Кстати, все эти «песни невинности и опыта» (а Блейка декламировать совсем юный Соловьев порывался и при записи в первый класс, как его отец не отговаривал) – именно от людей, слонов и джунглей, а не от увлечения какой-либо эзотерикой, которой – под индийским соусом – сейчас слишком много. «Как ни странно, несмотря на мою любовь к Индии, эзотерика, мистика и различные духовные практики довольно далеки от моих жизненных интересов. Кстати, думаю, для процентов 95 индусов йога – экзотика, и куда больше, чем для нас, например».
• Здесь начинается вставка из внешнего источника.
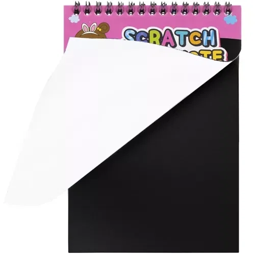 Zestaw kartek do zdrapywania to nowoczesna forma zabawy uruchamiająca u dziecka wyobraźnię już od najmłodszych lat. Sprawi ona, że Twoje dziecko rozwinie kreatywność oraz zdolności manualne. Będzie to świetna alternatywa dla zwykłego rysowania kredkami. Zabawa polega na wydrapywaniu wierzchniej, czarnej powłoki w taki sposób aby powstał obrazek. Maluch ma nieograniczone możliwości w tworzeniu kształtów oraz rysunków, które z pewnością będą o wiele ciekawsze od tych standardowych. Kartki zdrapywanki są małe i przenośne, co czyni je łatwymi do zabrania ze sobą np. w podróż.
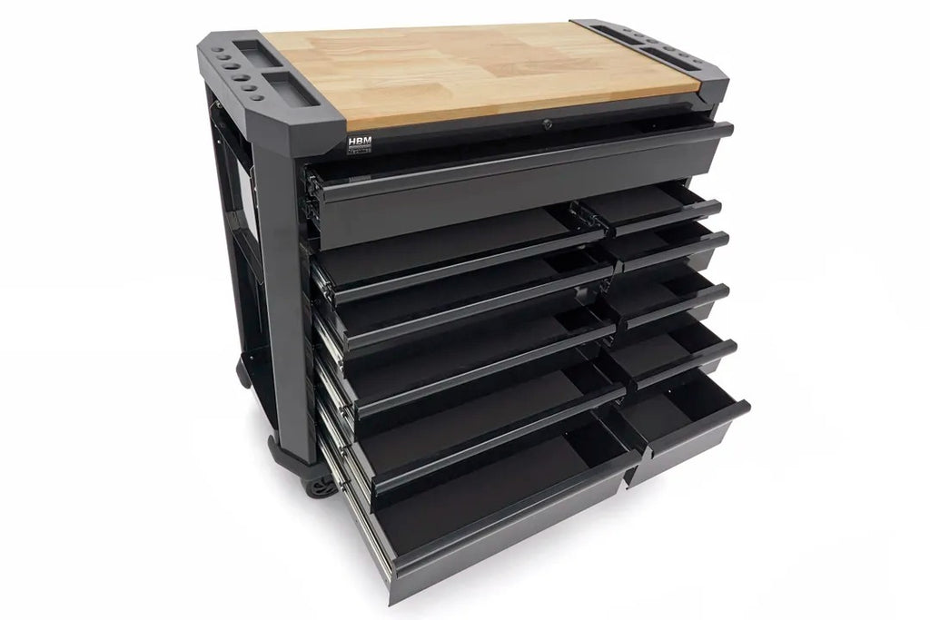Εργαλειοφόρος Τροχήλατος Με 11 Συρτάρια Και Πάγκο Εργασίας 109cm HBM MACHINES
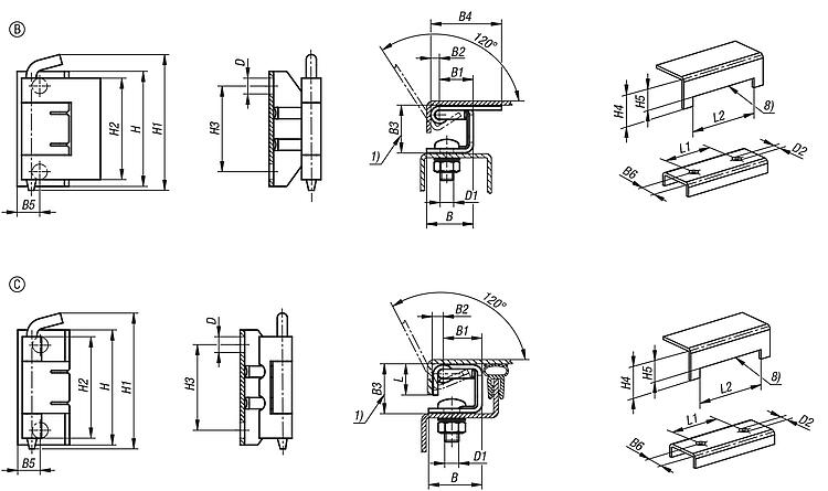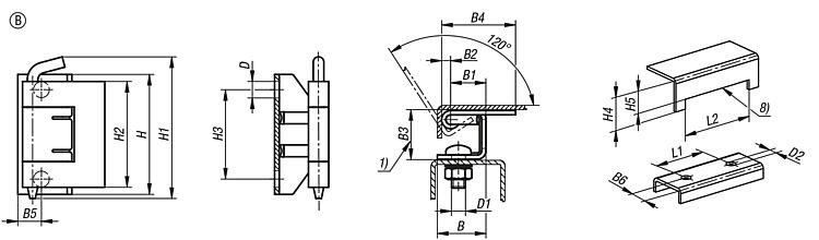 | Order No. | Form | Door part fastening | Pin version | Pin material | Main material | B | B1 | CAD | Acc. | Price | Order |
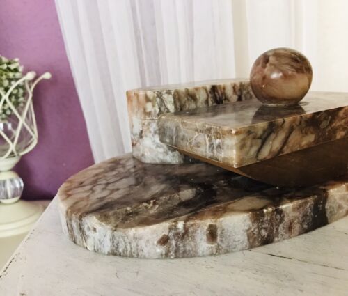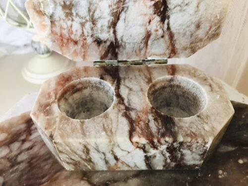 Kommodengriff präsentiert ein wunderschönes altes antikes 2 teigiges Schreibtischgarnitur aus Marmor
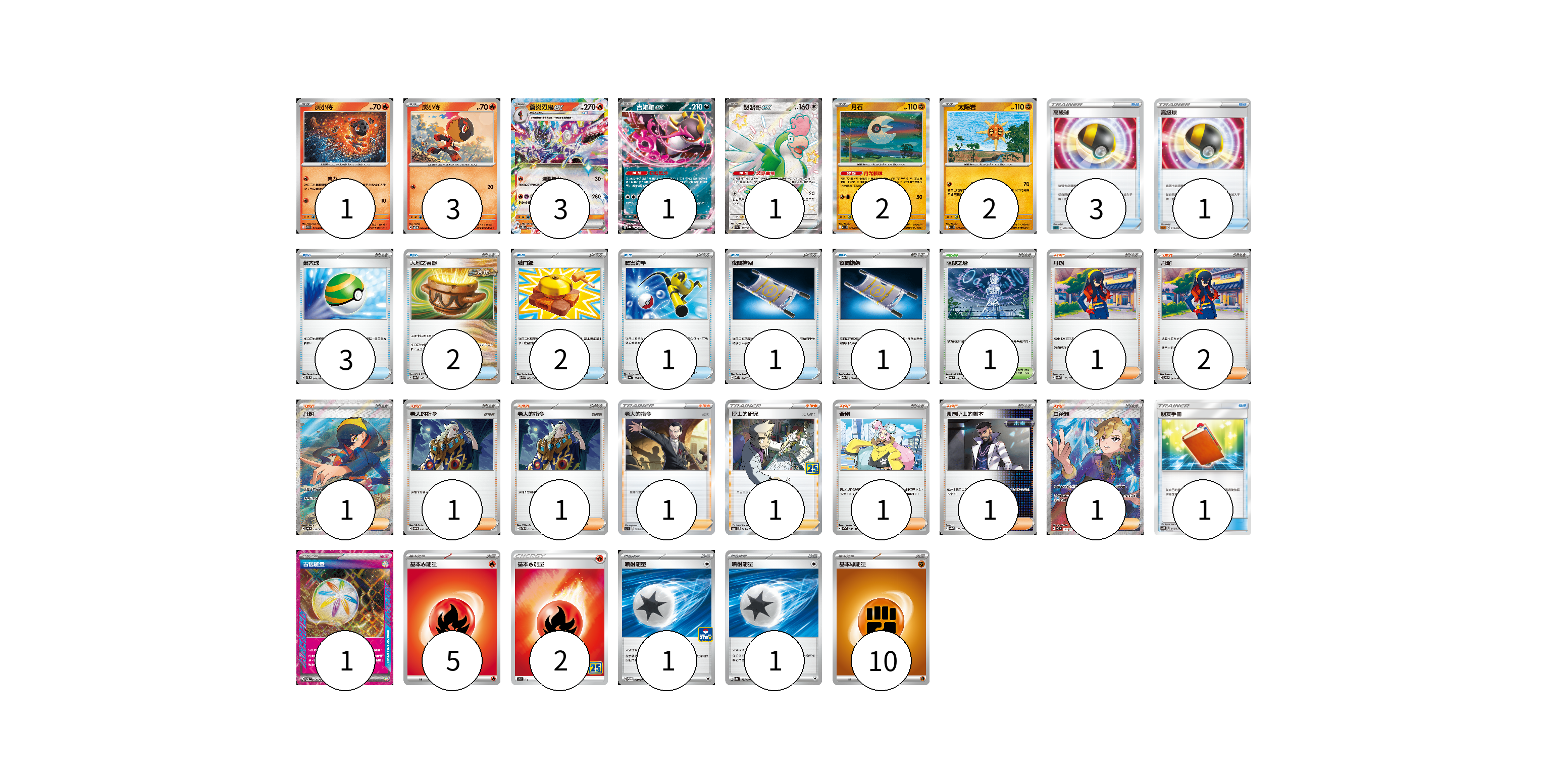 牌組構築方案 以此牌組為基礎新構築牌組 顯示卡面 顯示列表 寶可夢卡(13) 1 3 3 1 1 2 2 物品卡(15) 3 1 3 2 2 1 1 1 1 支援者卡(11) 1 2 1 1 1 1 1 1 1 1 競技場卡(1) 1 能量卡(20) 1 5 2 1 1 10 寶可夢卡(13) 卡牌名稱 張數 卡牌名稱 張數 炭小侍 M2 019/080 01 炭小侍 SVPS 005/008 03 蒼炎刃鬼ex SVPS 006/008 03 吉雉雞ex SV8a 104/187 01 怒鸚哥ex SV4a 337/190 01 月石 M1L 026/063 02 太陽岩 M1L 027/063 02 物品卡(15) 卡牌名稱 張數 卡牌名稱 張數 高級球 SLD 013/020 03 高級球 SLL 013/021 01 巢穴球 SVTL 011/021 03 大地之容器 SV8a 143/187 02 戰鬥鑼 M1L 059/063 02 厲害釣竿 SV4a 158/190 01 夜間擔架 MBD 016/022 01 夜間擔架 MBG 017/022 01 朋友手冊 AC2D 145/176 01 支援者卡(11) 卡牌名稱 張數 卡牌名稱 張數 丹瑜 SV8a 170/187 01 丹瑜 SV6 097/101 02 丹瑜 SV6 123/101 01 老大的指令 SVOM 020/021 01 老大的指令 SVTH 017/018 01 老大的指令(坂木) SJ 026/028 01 博士的研究(大木博士) S8a 003/028 01 奇樹 SV2D 069/071 01 弗圖博士的劇本 SV8a 175/187 01 白蕾雅 SV7 126/102 01 競技場卡(1) 卡牌名稱 張數 卡牌名稱 張數 阻礙之塔 SV6 100/101 01 能量卡(20) 卡牌名稱 張數 卡牌名稱 張數 古舊能量 SV6 101/101 01 基本火能量 sv-p FIR 05 基本火能量 S8a FIR 02 噴射能量 SV-P 180/SV-P 01 噴射能量 SV8a 185/187 01 基本鬥能量 sv-p FIG 10 以此牌組為基礎新構築牌組 牌組編碼 ZINucI-yPotew-DOSgbC copy 列印牌組單 牌組編碼已複製 分享至SNS
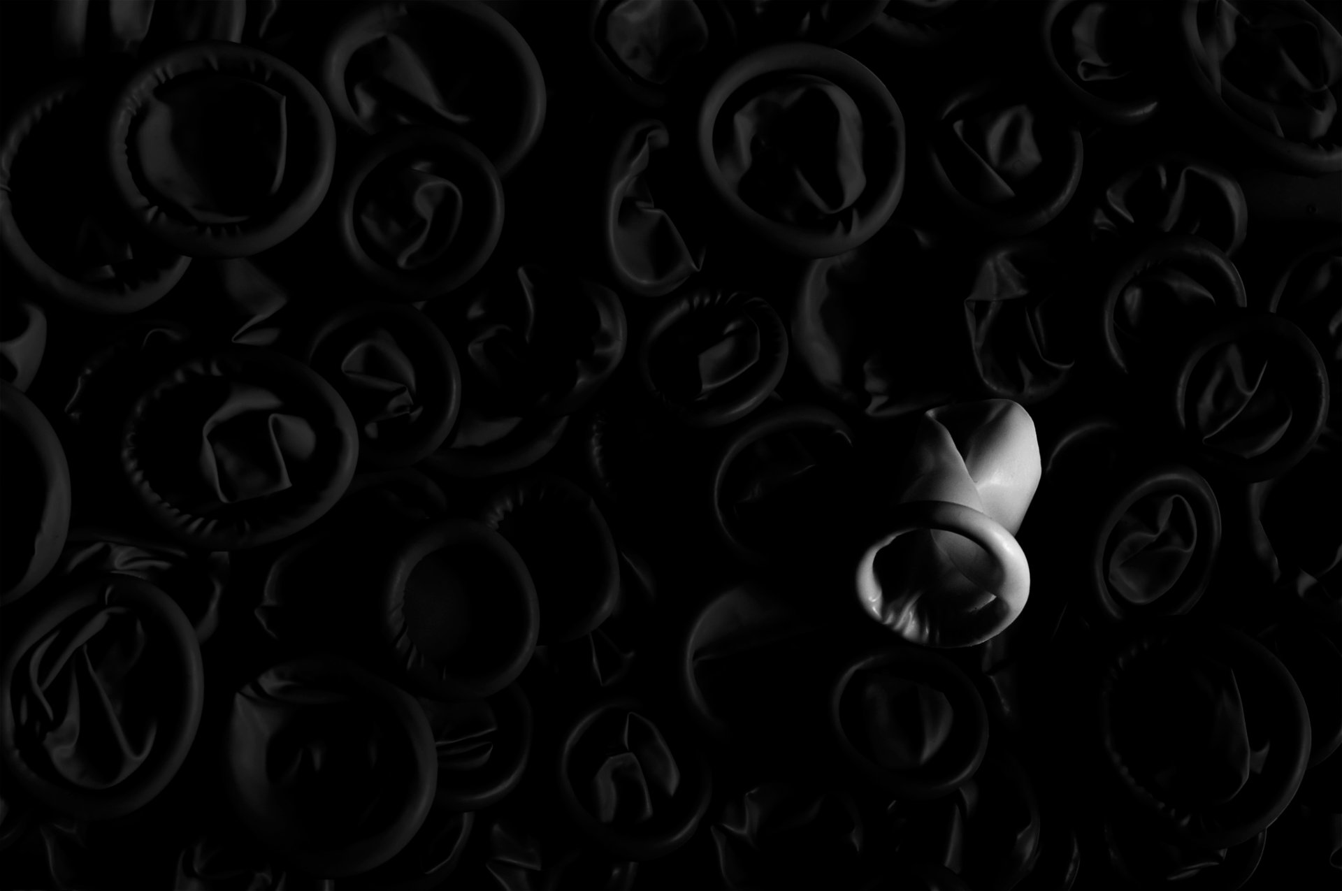 Duża czarna sofa w pokoju z czerwonymi akcentami
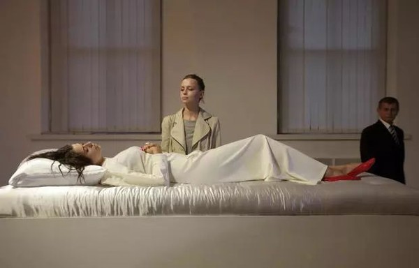 不仅如此,“躺”也可以躺出艺术。1995年,英国女演员蒂尔达·斯温顿(Tilda Swinton)邀请英国艺术家科妮莉亚·帕克(Cornelia Parker)共同完成了行为艺术作品《The Maybe》。蒂尔达将自己关在一个玻璃长柜中,平躺着长达八个小时。人们围着参观、拍照,蒂尔达本人成为了一件展品。
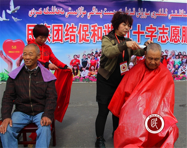 来自新疆乌鲁木齐志愿者协会退伍兵志愿服务队等多个公益社团的义工还以红十字会志愿者的身份为60余名社区居民提供了免费的理发和义诊等志愿服务。
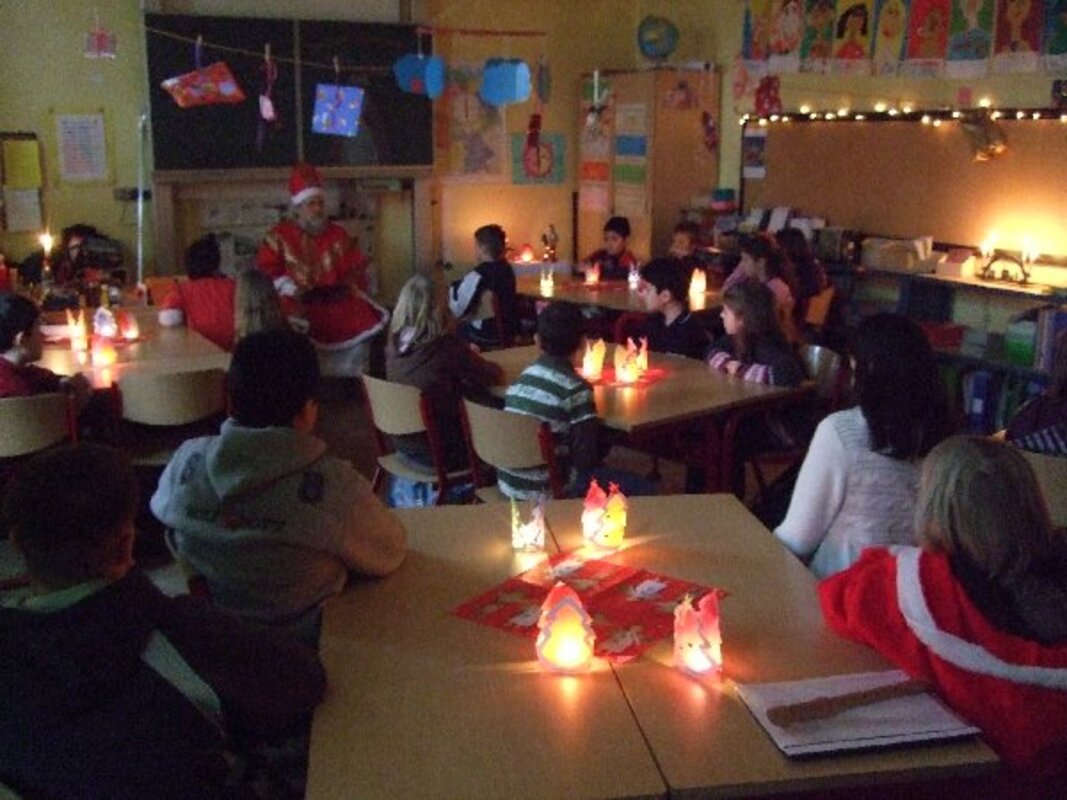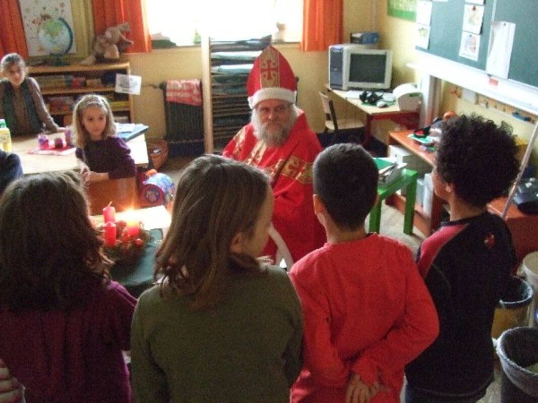 Wir jedes Jahr hatte der Nikolaus am 5.12.2008 alle Hände voll zu tun. Er besuchte nach und nach alle 13 Klassen. Die Kinder hatten wieder fleißig die Fenster geschmückt, Tischlaternen gebastelt, Gedichte und Lieder geübt. Von den Erstklässlern bis zu den ganz Großen in den 4.Klassen ließen sich die Kinder wieder vom Zauber des Nikolaustages anstecken.
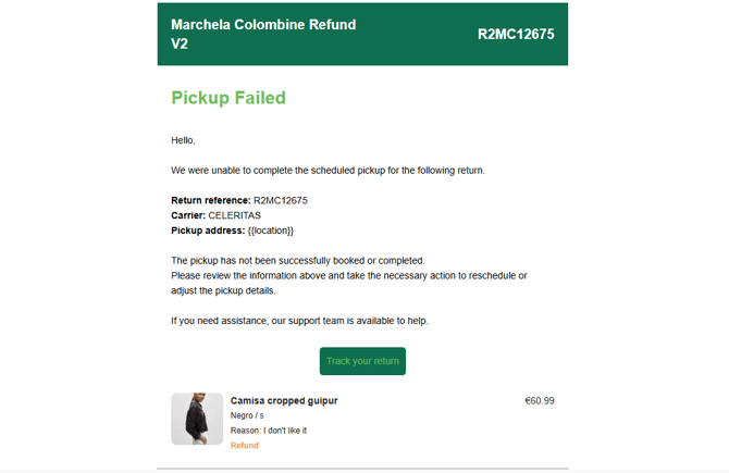 New email template when ShippyPro pickup has failed.
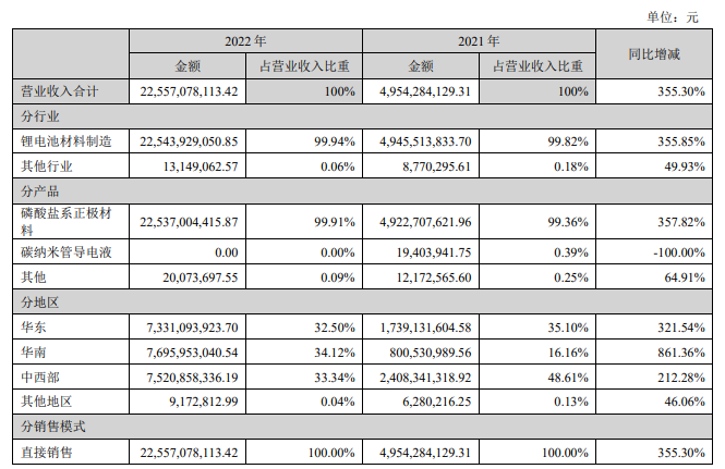 由于新能源汽車(chē)市場(chǎng)和儲(chǔ)能市場(chǎng)的迅速增長(zhǎng)以及上游原材料價(jià)格處于高位,2022年德方納米主要產(chǎn)品磷酸鹽系正極材料量?jī)r(jià)齊升,營(yíng)業(yè)收入規(guī)模和凈利潤(rùn)規(guī)模均實(shí)現(xiàn)較大幅度的增長(zhǎng)。
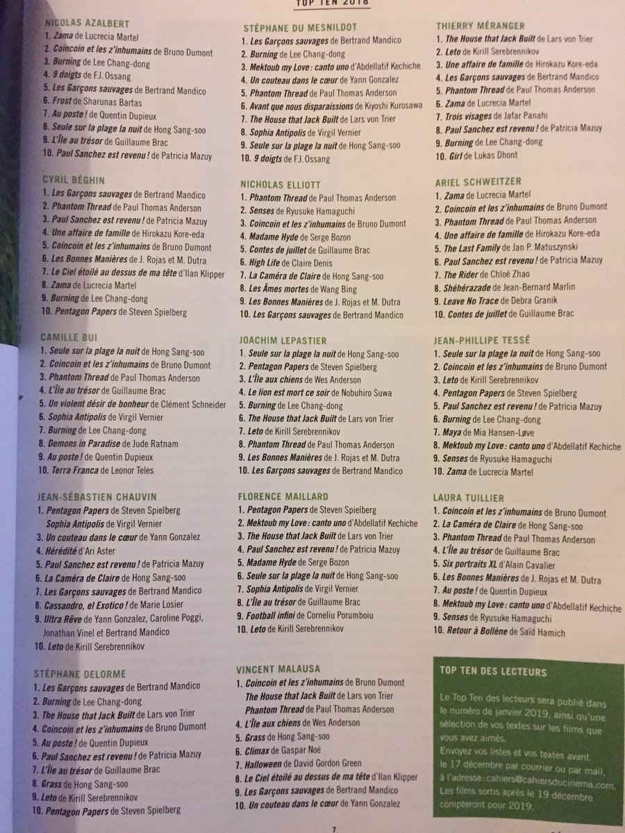 Mua më beri pershtypje se, në listat e top10 te fund-vitit 2018 të 13 gazetarëve/kritikëve te revistes ne fjale, “The wild boys” nuk figuron pothuaj vetem tek ajo e Jean-Philippe Tessé, zv. kryeredaktor dhe nje nga me te ‘vjetrit’ gazetarë te saj (edhe pse i ri ne moshë).
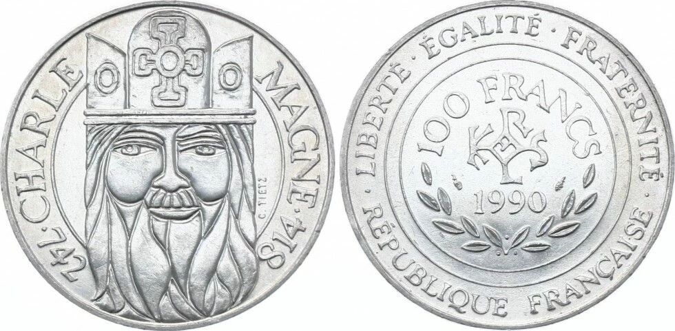 The 100 Francs ?Charlemagne? coin issued in 1990 is part of the series of French commemorative coins of the Fifth Republic. It celebrates the 1190th anniversary of Charlemagne?s coronation (800?1990), a major figure in European history often considered the ?father of Europe?. This issue illustrates France?s desire to promote its historical heritage through highly symbolic circulation coins.

Да и зачем ему Рерих с Блаватской, если он в такие места прорывается, где туристов отродясь не было? А ведь действительно прорывается! Заручился со своей спутницей письмами из ЮНЕСКО, встречают торжественные местные официалы, приставляют гидов, егерей, даже охрану и поваров, а они раз – и сбегают ото всех, до рассвета, в джунгли фотографировать животных. Или едут смотреть тейям – «языческое представление, неописуемое. Если остаюсь там до ночи и выбраться уже не на чем, ночую на земле на подворье храма, вперемеж с не пойми кем, перед тем подкрепившись на дармовой прихрамовой кухне вместе с местными. А на рассвете возвращаюсь – уж как придется, вчера, например, с милейше застенчивым полицейским в юбке (лунги) на его машине». А другой полицейский обсуждал с ним комментарии к священным индийским текстам и похвастался, что его отца назвали Ленин, просил из Москвы фото с вождем мирового пролетариата прислать (да, Индия очень социалистическая, до сих пор).
Конечно, Соловьев и рушит походя тот даже не образ, а имидж, что складывается, когда не живешь в стране, а лишь понаслышке. Например, как с имиджем беднейшей и грязной страны будет сочетаться информация о весьма продвинутой медицине, бесплатном начальном образовании и зашкаливающих зарплатах школьных учителей в Индии? Или то, что страна, родина двух мировых религий, с миллиардным населением, со всеми нынешними IT, финансовыми и военными достижениями никогда не осуществляла религиозных экспансий, вроде европейских крестовых походов или исламских джихадов? А вот европейцы пытались крестить индийцев – Соловьев метко припечатывает это сравнением с лианой на вековом дереве.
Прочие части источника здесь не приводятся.